DESCRIPTION OF THE TASK - What is needed is an exact copy of the whole listing below, with no pictures.

SOURCE MATERIAL -

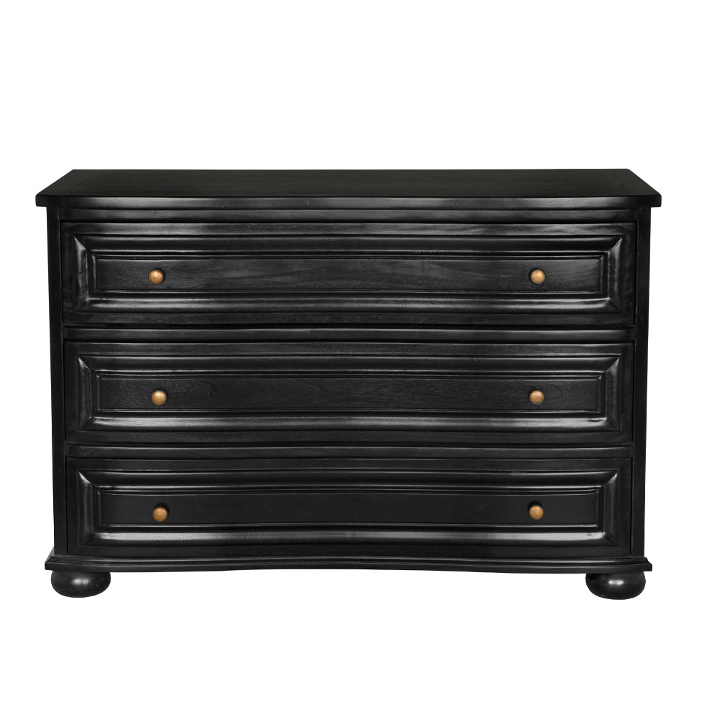 The Lauren Dresser in hand-rubbed black is an ode to craftsmanship—mahogany wood and brass accents come together in a design that feels both classic and current. Its deep finish and graceful proportions make it a quiet statement of luxury.
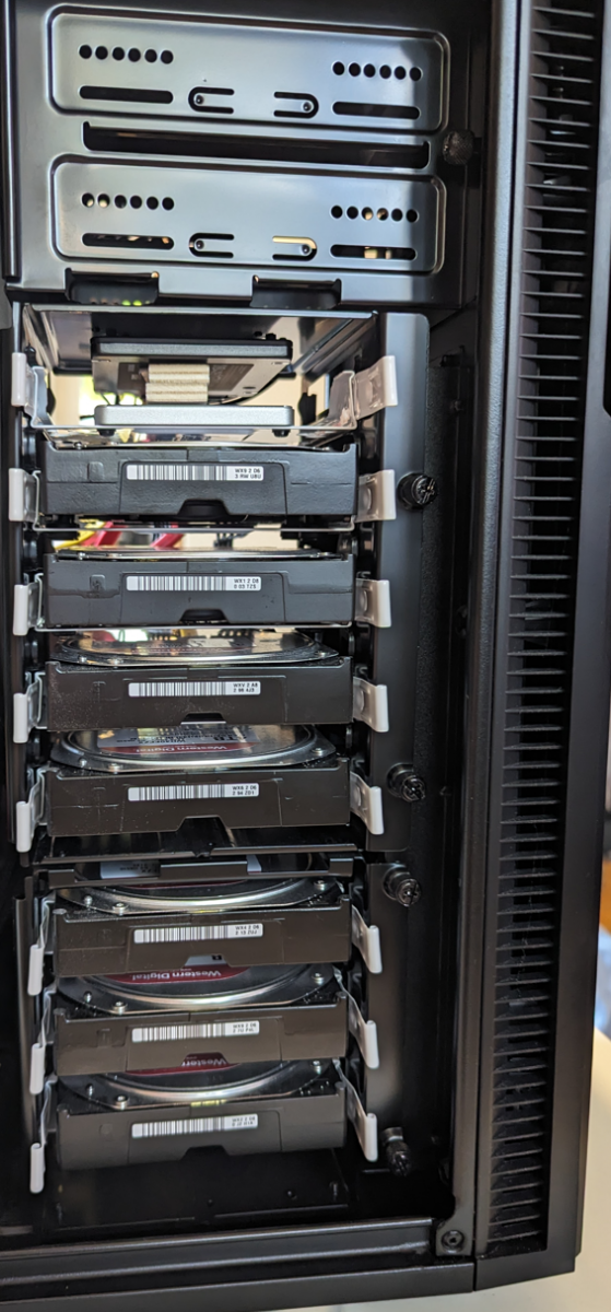 But with three Artic P14 fans pulling air in the front of the case, TrueNAS keeps giving me high temp HDD alarms at 40C. In addition to the 3 fans in front, I have two fans exhausting, one on top, one out the back. There are all the same model (static pressure optimized) which may be a mistake?
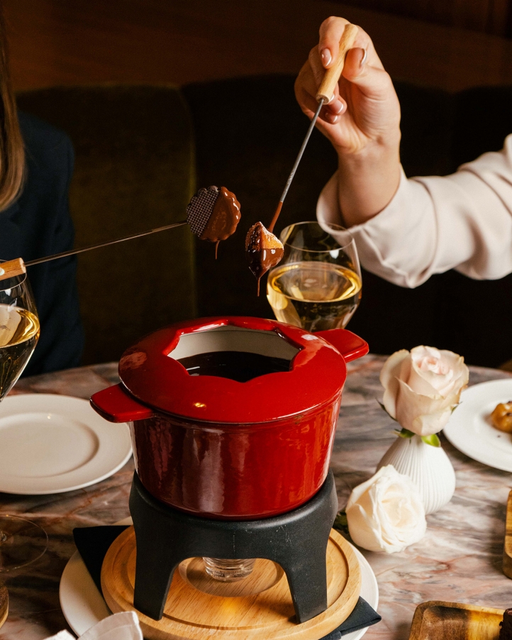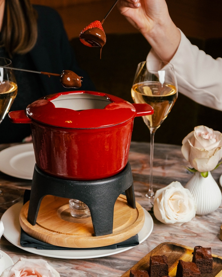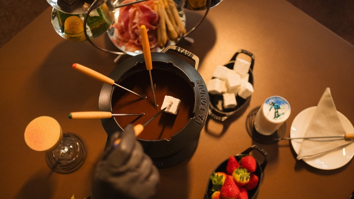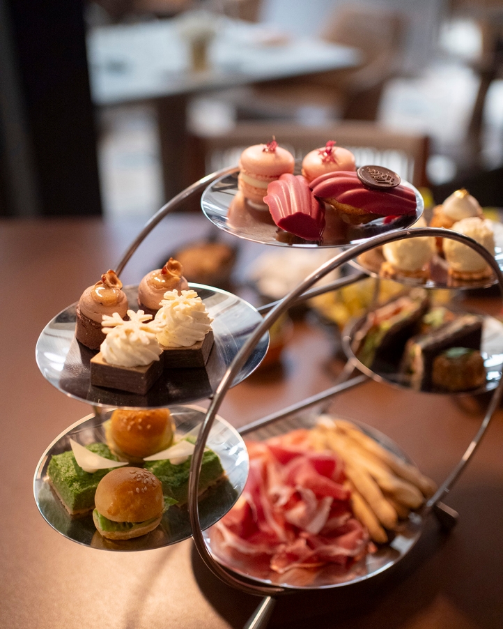 The winter experience continues and after the fondue, guests can taste a tiered stand, which includes savoury bites - seasoned prosciutto and breadsticks; a sandwich with guacamole and smoked salmon; spinach and Parmigiano Reggiano quiche chicory croquettes with anchovy mayonnaise; black bread sandwich with chicken, tomato, and lettuce – and sweet delights: chocolate madeleine, raspberry inspiration, exotic Rocher, coconut and Madagascar vanilla sable; Piedmont IGP hazelnut tartlet, 43 percent Jivara chocolate and tonka bean; choux with salted caramel chantilly, 35 percent Dulcey blond chocolate and mascarpone cream; strawberry and rose petal macarons, 70 percent Guanaja chocolate, bombardino and Valtellina cream.

PROBLEM SOLUTION -
 The Lauren Dresser in hand-rubbed black is an ode to craftsmanship—mahogany wood and brass accents come together in a design that feels both classic and current. Its deep finish and graceful proportions make it a quiet statement of luxury.
 But with three Artic P14 fans pulling air in the front of the case, TrueNAS keeps giving me high temp HDD alarms at 40C. In addition to the 3 fans in front, I have two fans exhausting, one on top, one out the back. There are all the same model (static pressure optimized) which may be a mistake?
 The winter experience continues and after the fondue, guests can taste a tiered stand, which includes savoury bites - seasoned prosciutto and breadsticks; a sandwich with guacamole and smoked salmon; spinach and Parmigiano Reggiano quiche chicory croquettes with anchovy mayonnaise; black bread sandwich with chicken, tomato, and lettuce – and sweet delights: chocolate madeleine, raspberry inspiration, exotic Rocher, coconut and Madagascar vanilla sable; Piedmont IGP hazelnut tartlet, 43 percent Jivara chocolate and tonka bean; choux with salted caramel chantilly, 35 percent Dulcey blond chocolate and mascarpone cream; strawberry and rose petal macarons, 70 percent Guanaja chocolate, bombardino and Valtellina cream.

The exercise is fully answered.